FACTOR_ANALYSIS

Overview

The FACTOR_ANALYSIS function performs exploratory factor analysis (EFA) on multivariate data to identify latent (unobserved) variables that explain the correlations among observed variables. Factor analysis is a dimensionality reduction technique commonly used in psychometrics, marketing research, social sciences, and data exploration to uncover the underlying structure of complex datasets.

This implementation uses the statsmodels library’s Factor class.
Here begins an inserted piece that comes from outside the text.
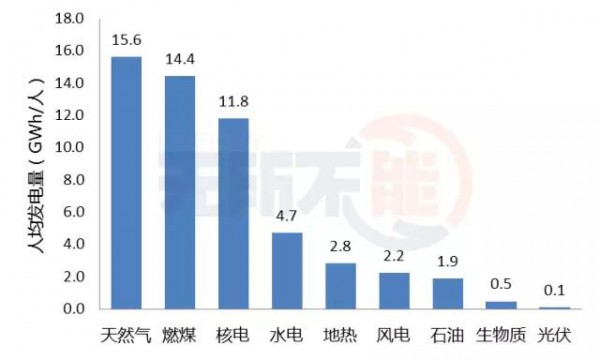 如果考慮人均發(fā)電量的話,光伏只有0.1GWh/人,不到天然氣、燃煤和核電的百分之一,比同是可再生能源的風(fēng)電也低了很多。
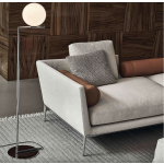Gulvlampen har en ramme i børstet og transparentlakkert messing eller kromstål, kombinert med en munnblåst opalglassdiffusor som gir et behagelig og stemningsfullt lys. Den integrerte dimmeren på ledningen gjør det enkelt å justere lysstyrken etter behov, enten du ønsker dempet atmosfære eller mer funksjonelt lys.

The function supports two extraction methods: Principal Axis Factoring (PA), which iteratively estimates communalities to find factors explaining common variance, and Maximum Likelihood (ML), which finds factors that maximize the likelihood of the observed correlation matrix under a multivariate normal assumption.

The underlying factor model assumes that each observed variable x_i is a linear combination of k latent factors plus an error term:

x_i = l_{i,1}F_1 + l_{i,2}F_2 + \cdots + l_{i,k}F_k + \varepsilon_i

where l_{i,j} are the factor loadings indicating the relationship between variable i and factor j, F_j are the latent factors, and \varepsilon_i represents the unique variance (error). The communality for each variable measures the proportion of variance explained by all factors, while uniqueness represents the unexplained portion.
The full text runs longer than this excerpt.